Published: Wednesday 15 May 2002

A natural secret

-- (Credit: Pradi Saha / CSE)While the Union government is bothered about the high cost of storing surplus foodgrain, groundnut farmers in Anantapur commit suicide. Clearly, measures of poverty need changing. Policymakers must now take into account the time spent by women to collect firewood or water. This distance needs to be shortened as this distance keeps them away from their gross nature product (gnp).

The approach paper of the Tenth Plan -- approved by the National Development Council -- has warned: "We cannot take it for granted that economic development will alleviate poverty." The Planning Commission's assessment of poorest states (including those reported in this story) reports a decline in the growth rate. A candid admission of five decade-old aberration. As examples suggest, villages' prosperity revolves around a few trees and a few water tanks. Poverty is thus a result of environmental degradation, contrary to what policymakers think.

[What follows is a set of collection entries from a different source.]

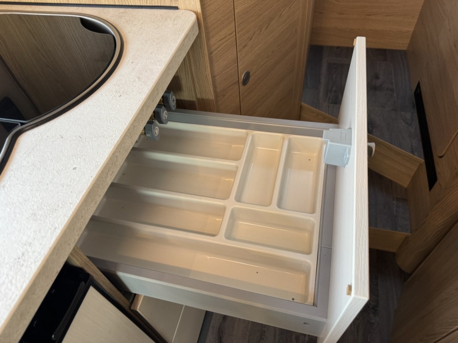 Avec seulement 6,77 m de long, il offre une excellente facilité de conduite tout en conservant une implantation très recherchée avec lits jumeaux, une grande soute garage traversante et un espace de vie lumineux grâce au SkyDome.
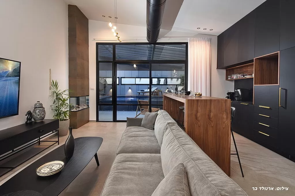 חזית הסוויטה שקופה ומאפשרת מבט אל הבריכה ואל היופי שבחוץ. חלל הפנים מעוצב בגוונים של שחור ובז', בשילוב אלמנטים של תאורה ייחודית, מראות, ואקססוריז שמוסיפים למקום הזה אופי והופכים אותו לייחודי בנוף.
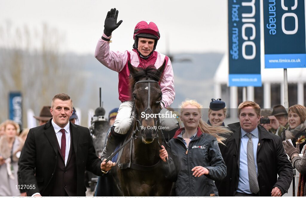 18 March 2016; Harry Skelton celebrates winning the Vincent O'Brien County Handicap Hurdle on Superb Story. Prestbury Park, Cheltenham, Gloucestershire, England. Picture credit: Cody Glenn / SPORTSFILE
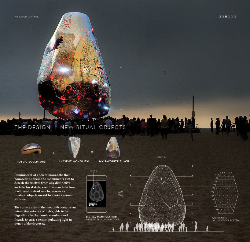 این پروپوزال برای مسابقه بینالمللی وبسایت Designboom با موضوع "Design for Death" ارائه شده. در این طرح، فرم تخم مرغ مانند عظیمی به صورت مستقیم و بیواسطه در یک مکان عمومی قرار میگیرد. فرم طلایی رنگ آن به خوبی از محیط اطراف قابل تشخیص است، به طوری که میتواند نقش بنای یادبود برای از دست رفتگان ما و حتی خود ما را در یک مکان عمومی ایفا کند! شاید میتوان این ادعا را داشت که سعی در تغییر آیین و مراسمات ترحیم داشته و بجای آنها یک پلتفرم آزاد تعریف میکند که فرهنگهای مختلف میتوانند با هم وفق پیدا کنند و در گذر زمان با هم ادغام شوند.
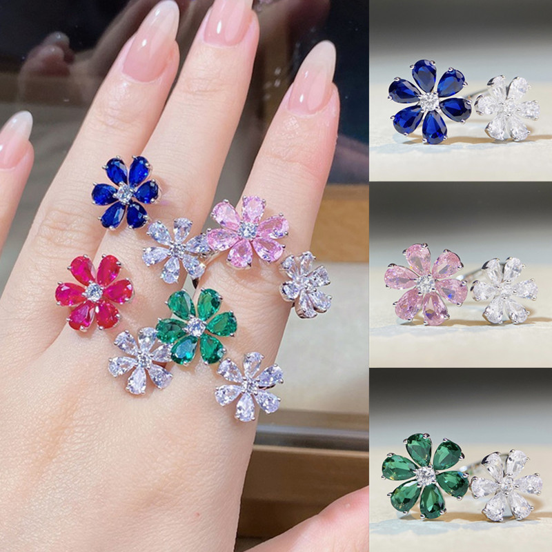 【S925銀鍍白金】四色可選培育鑽雙花開口戒指
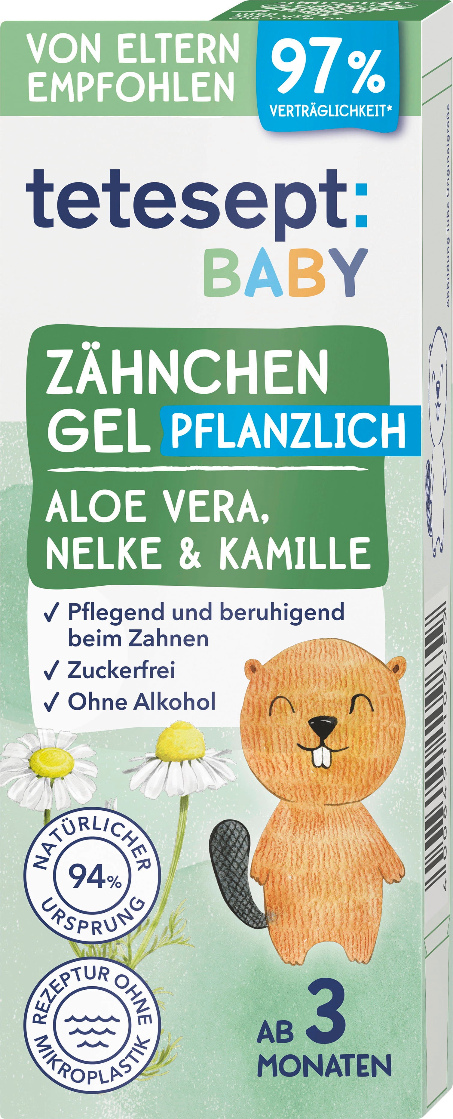Le Gel Dentaire Végétal pour Bébé végane de tetesept est spécialement conçu pour soulager les gencives lors de l’apparition des premières dents. L’aloe vera, la camomille et le clou de girofle prennent soin en douceur de la bouche de votre enfant. La formule ne contient ni alcool ni sucres ajoutés. Convient aux bébés dès 3 mois.
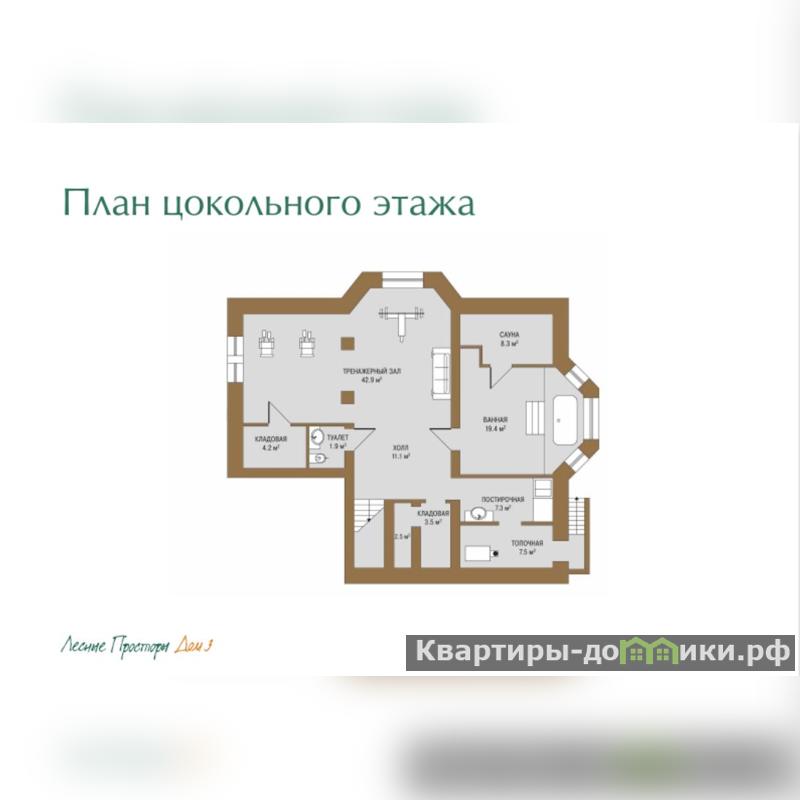 санузлом. Цоколь: тренажерный зал,
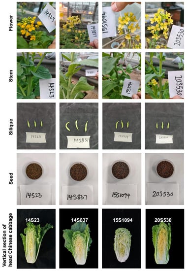 The phenotypes of flowers, stems, siliques, seeds, and longitudinal sections of leaf heads in orange Chinese cabbage lines 14S837, 15S1094, and 20S530 together with the common line 14S23 as the control.

A participatory poverty assessment done in Balangir district in Orissa shatters this myth. Residents, according to this survey, feel that over dependence on forest is an indicator of poverty. They suggested that survival on selling fuelwood is a sign of poverty (see box: Who wants to be a millionaire?).

In a dramatic turnaround, the approach paper of the Tenth Plan has suggested changes in the definition of poverty for the rural people. It says gross nature product will be the measure of prosperity.

But the admission of guilt doesn't ensure that the mistakes will not be repeated. The current legal and institutional framework -- not to mention the fossilised mindsets -- will have to change to give people access and control over their immediate environment. Necessary governance infrastructure like area-specific planning, decentralised development and the right over the crucial resources will have to be ensured. Starting from the budget to the prime minister's cry to use the surplus foodgrain as a blank cheque to rural prosperity may be repeating such mistakes. It will just fund the same employment generating programmes, which have failed in creating the necessary assets in rural areas for ecological security.

The latest India Development Report of the Indira Gandhi Institute of Development Research, Mumbai, points out that by raising the populist minimum support price of wheat and rice -- 91 per cent of which comes from Punjab, Haryana and Andhra Pradesh -- the government is curtailing its expenditure heavily on crucial sector like agriculture leading to lower gdp. "A 10 per cent increase in procurement prices of wheat and rice leads to 15 metric tones of additional stocks, 100,000 hectares of less irrigation and a lower gdp by 0.33 per cent in the third year. And it is adversely affecting 80 per cent of the rural population."

The message is clear: create ecological capital at the village. Otherwise, the prime minister's wish of a 'hunger free' country may be as elusive as the holy grail.